● Assignment
A faithful copy of each entry below is expected, with the images removed.

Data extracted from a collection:
§ §

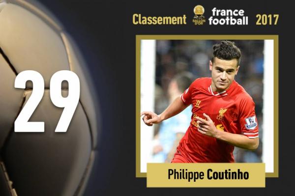 O lateral Marcelo ficou na 16ª colocação, e o meia Philippe Coutinho foi o 29º (empatado com Mertens) na disputa pela Bola de Ouro, prêmio tradicionalmente concedido pela revista "France Football". A publicação começou a divulgar a lista na tarde desta quinta-feira o ranking dos 30 finalistas, revelando os nomes em ordem decrescente, e segue anunciando as posições em seu site.
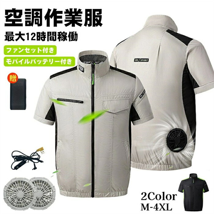 ファン&バッテリー付き作業着 空調作業服 ファン バッテリーセット ベスト PSE認証 10000mahバッテリー付属 ファン2個付き 3段階風量調節可能 熱中症対策 日焼け防止 涼しい 空調ウエア エアコン服 ワークウェア 長時間稼働
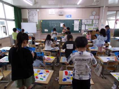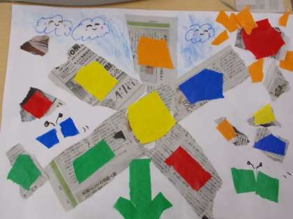 破いた様々な紙(色紙・新聞紙など)を使って、作品を作りました。そして、完成した作品を学習用タブレットで撮影しました。
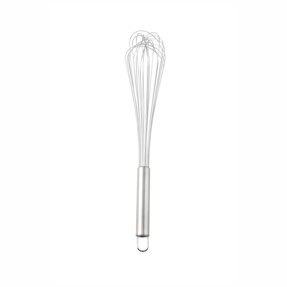 This stainless steel piano whisk is ideal for whipping of lighter sauces and batter. Its thin wire beats a large amount of air into egg whites, heavy cream, and other liquids. Designed with ergonomic handle. Made of 18/8 stainless steel, this whisk is durable and sturdy. Hook at end of handle for easy drying and storage.
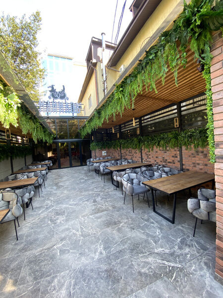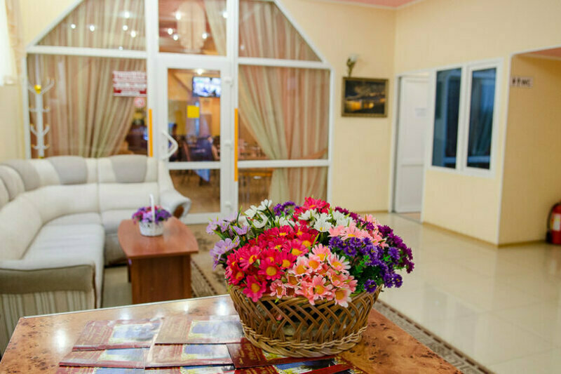 На благоустроенной территории расположился комплекс отеля, состоящий из 5-этажного корпуса и здания кафе-столовой с 80 посадочными местами, где подают вкусные и разнообразные блюда. Предлагается множество блюд, приготовленных на мангале.
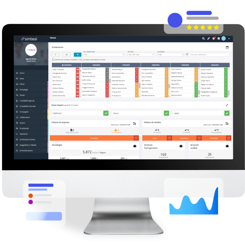 Sintesi consente di gestire tutte le attività operative dell’agenzia in modo semplice ed efficace, centralizzando le informazioni e favorendo la collaborazione di tutti i soggetti che operano nel contesto dell'agenzia.
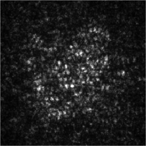| Рис.1. Спекл-структура изображения звезды в телескопе БТА при регистрации с короткой экспозицией (20 мс) в фильтре шириной 20 нм. Размер кадра 2х2 угл. секунды. |

§ §

● Response to this task
 O lateral Marcelo ficou na 16ª colocação, e o meia Philippe Coutinho foi o 29º (empatado com Mertens) na disputa pela Bola de Ouro, prêmio tradicionalmente concedido pela revista "France Football". A publicação começou a divulgar a lista na tarde desta quinta-feira o ranking dos 30 finalistas, revelando os nomes em ordem decrescente, e segue anunciando as posições em seu site.
 ファン&バッテリー付き作業着 空調作業服 ファン バッテリーセット ベスト PSE認証 10000mahバッテリー付属 ファン2個付き 3段階風量調節可能 熱中症対策 日焼け防止 涼しい 空調ウエア エアコン服 ワークウェア 長時間稼働
 破いた様々な紙(色紙・新聞紙など)を使って、作品を作りました。そして、完成した作品を学習用タブレットで撮影しました。
 This stainless steel piano whisk is ideal for whipping of lighter sauces and batter. Its thin wire beats a large amount of air into egg whites, heavy cream, and other liquids. Designed with ergonomic handle. Made of 18/8 stainless steel, this whisk is durable and sturdy. Hook at end of handle for easy drying and storage.
 На благоустроенной территории расположился комплекс отеля, состоящий из 5-этажного корпуса и здания кафе-столовой с 80 посадочными местами, где подают вкусные и разнообразные блюда. Предлагается множество блюд, приготовленных на мангале.
 Sintesi consente di gestire tutte le attività operative dell’agenzia in modo semplice ed efficace, centralizzando le informazioni e favorendo la collaborazione di tutti i soggetti che operano nel contesto dell'agenzia.
| Рис.1. Спекл-структура изображения звезды в телескопе БТА при регистрации с короткой экспозицией (20 мс) в фильтре шириной 20 нм. Размер кадра 2х2 угл. секунды. |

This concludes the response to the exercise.